I have a list of genes and a coverage track (generated using BEDOPS-based binning script also called as binReads.sh
), modified it to take bed file as input).
What I want do it to divide the each gene into 100 bins and then calculate the mean overlap from my coverage file, so that later all the respective bins can be added for all genes to give a average protein binding/coverage in that bin.
I couldn't understand that how I can make a specific number of bins for the genes though I can regulate the binSize using binReads.sh
. I made a custom R code, for taking my list of genes and the dividing each of them into 100 bins.
Then, I used this list as a reference, (added a fake 4th column, which is also not very intuitive) to find the mean overlap for my coverage file.
Problems :
1) This method is not very intutitive (because of R code, it takes ~4-6 mins to complete the process for a list of 30.2K genes producing 30.2K*100 lines as a bed file to be used as a reference). It there a way in bedOps suite to generate the bins on the fly.
2) The output of bedmap --mean genes_bins.bed file.cov > means.tsv
is valid numeric for first 42K reference lines out of 3.2M(30.2K*100) and for the rest it produces "NAN". To cross-validate, I took some specific binned genes and it produces a valid output. Is this because of the size of the files (shouldn't be).
Can you suggest some other way to approach this problem.
genes_bins.bed
chr1 3214481 3219051 Xkr4-bin1
chr1 3219051 3223621 Xkr4-bin2
chr1 3223621 3228192 Xkr4-bin3
chr1 3228192 3232762 Xkr4-bin4
chr1 3232762 3237332 Xkr4-bin5
chr1 3237332 3241902 Xkr4-bin6
coverage.bed
chr1 3001500 3001520 1 1
chr1 3001520 3001540 1 1
chr1 3001540 3001560 1 1
chr1 3001560 3001580 1 1
chr1 3001580 3001600 1 1
chr1 3001600 3001620 1 1
chr1 3001620 3001640 1 1
P.S. It was started as comment under Converting BAM to bedGraph for viewing on UCSC and I thought its better to ask as a seperate question.

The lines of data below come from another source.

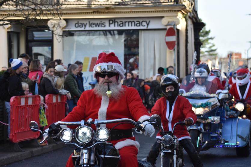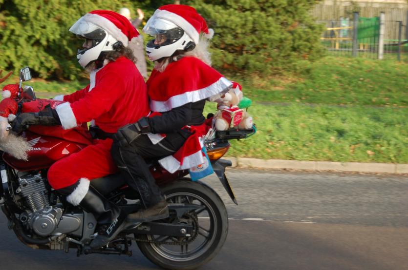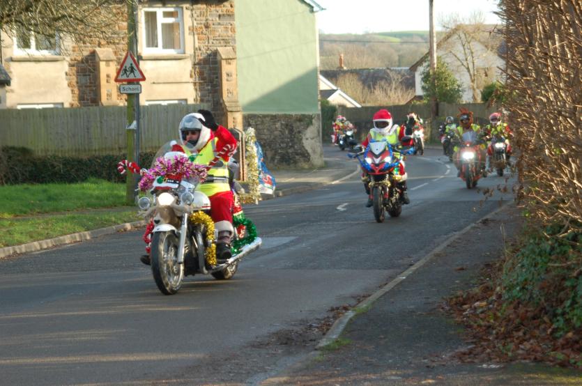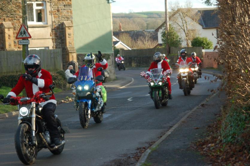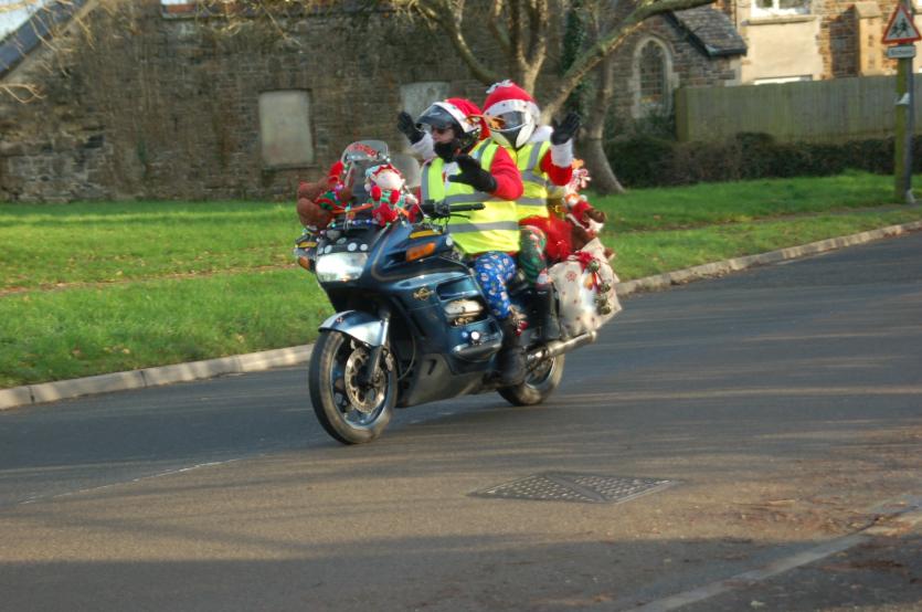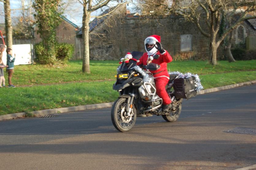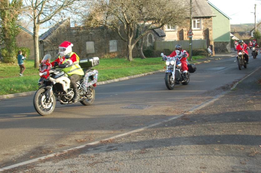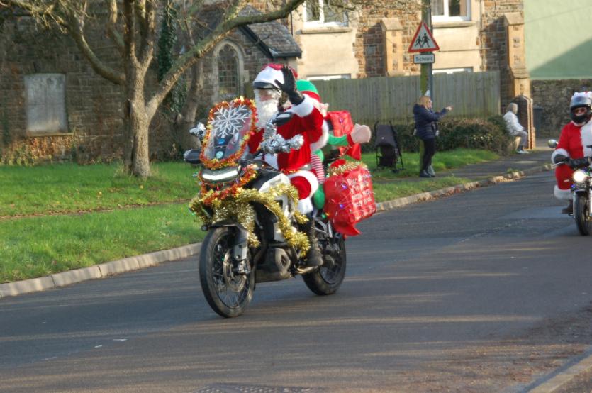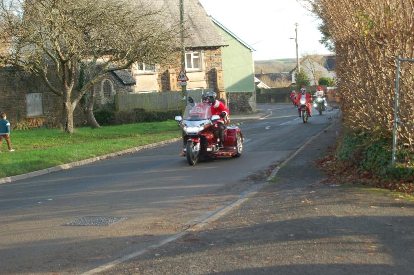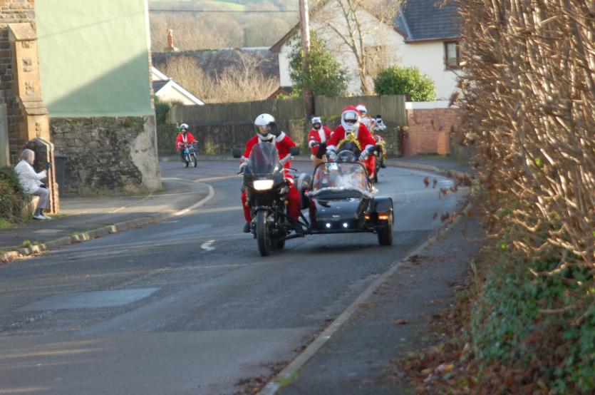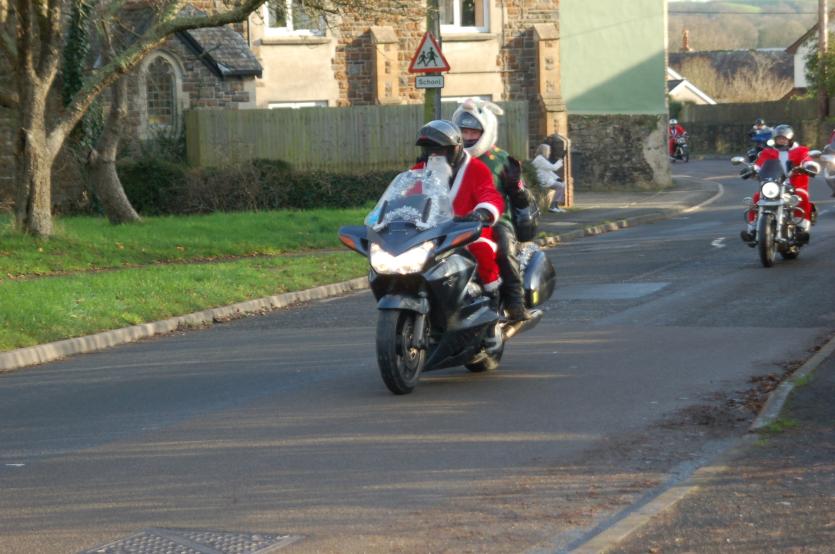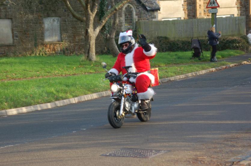 The Santas on bikes make their way through Landkey Credit: Richard Maynard
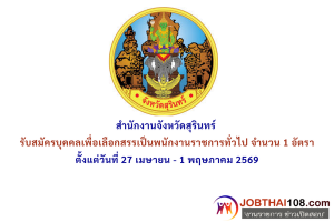สำนักงานจังหวัดสุรินทร์  รับสมัครบุคคลเพื่อเลือกสรรเป็นพนักงานราชการทั่วไป จำนวน 1 อัตรา สมัครด้วยตนเอง ตั้งแต่วันที่ 27 เมษายน – 1 พฤษภาคม 2569
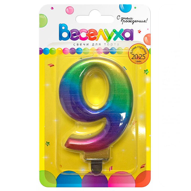 Свеча для торта Цифра Радуга металлик "9" 9см
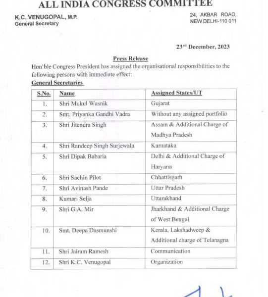 देहरादून: कांग्रेस आला कमान ने कई राज्यों के प्रभारी बदले हैं। इसी क्रम में कुमारी सैलजा को उत्तराखंड का प्रभारी बनाया गया। वहीं देवेंद्र यादव को पंजाब की जिम्मेदारी दे दी गई है।
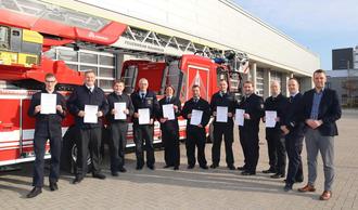 Gränitz und Gerald Willberg, Fachteamleiter Brand- und Katastrophenschutz, sprachen zum Abschluss der Versammlung einige Beförderungen aus: Oberbrandmeister ist Christian Jösch, Brandmeister sind Dominik Sziel und Patrick Wieczorek, Hauptlöschmeisterin ist Nadia Maiss, Hauptlöschmeister ist Niels Körner, Oberlöschmeister ist José Reyes Schmitt, Hauptfeuerwehrmann ist Benito Polli, Oberfeuerwehrmann ist Tom Luca Klee und Feuerwehrmann ist Joel Klimon.
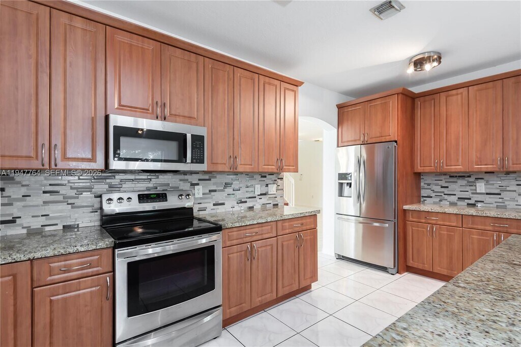Live spaciously in this beautiful 4-bedroom + den home. The layout includes a full bedroom and private bath on the first floor, ideal for in-laws, guests, or grown children. The fully upgraded kitchen is ready to inspire your inner chef, while the oversized master suite features a generous walk-in closet that feels like its own room. Located near top-rated schools, highways, and major shopping centers for maximum convenience. ****Many more units available for rent in the surrounding area**** Serious inquiries only!!! Beachfront Realty ****No texts. ***** Courtesy of La Rosa Realty LLC
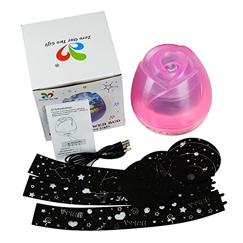 1、サイズ:12.5cm*12.5cm,パッケージ:12.7cm*12.7cm*12.5cm,電圧:5V,ホルダー素材:PVC,説明書:英文,電力:USBケーブルor#7乾電池 2、付属品:本体*1、USBケーブル*1、説明書*1、フィルム*3(注意:乾電池を付属しておりません) 3、フィルム図案:誕生祝い図案、星座図案、ロマンチック図案 4、フィルム装着ステップ: ①蓋を開ける ②フィルムを入れる ③蓋を締める 5、ボタン紹介説明:ボタンA:回転をコントロールする; ボタンB:灯光をコントロールする: ボタンC:ウォームライトをコントロールする
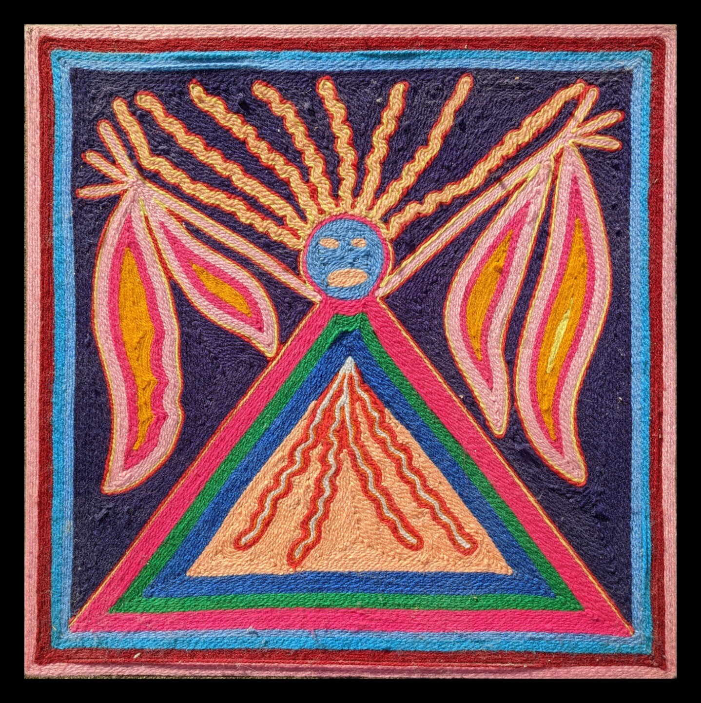 This is Tatewari, the Huichol god of fire. The medium is yarn art, wherein a mixture of beeswax and pine resin is used to coat a surface and then yarn is arranged and pressed into it. Huichol spiritual practices include the consumption of peyote. But maybe that's obvious. This piece belongs to my partner and I photographed it at her request for another endeavor. But I thought y'all might like to see it.

This probably be answered by Alex Reynolds himself. The final aim to make the composite profiles of your protein of interest from the chip-seq datasets.
Thanks
sorry, I have a couple of questions. In the genes_bins.bed example file, the gene Xkr4 is divided into 6 bins. Is this correct? Second question: if you want to split each gene into 100 bins, how do you handle the fact that different genes may have different length?
Giovanni, thats just the
head
of the file, I will mention that. Secondly, thats the whole point of binning, the genes have unequal length, if you want to make a Plotting Read Density/ Distribution/ Composite Profiles [Chip-Seq], then the genes should be be binned and avg binding per bin is calculated in the end to be summed up for per bin for all bins of all genes, to get an average binding over the whole length of the gene. This will effect, that sum genes have more density in a bin and some less. Can you suggest some other strategy!!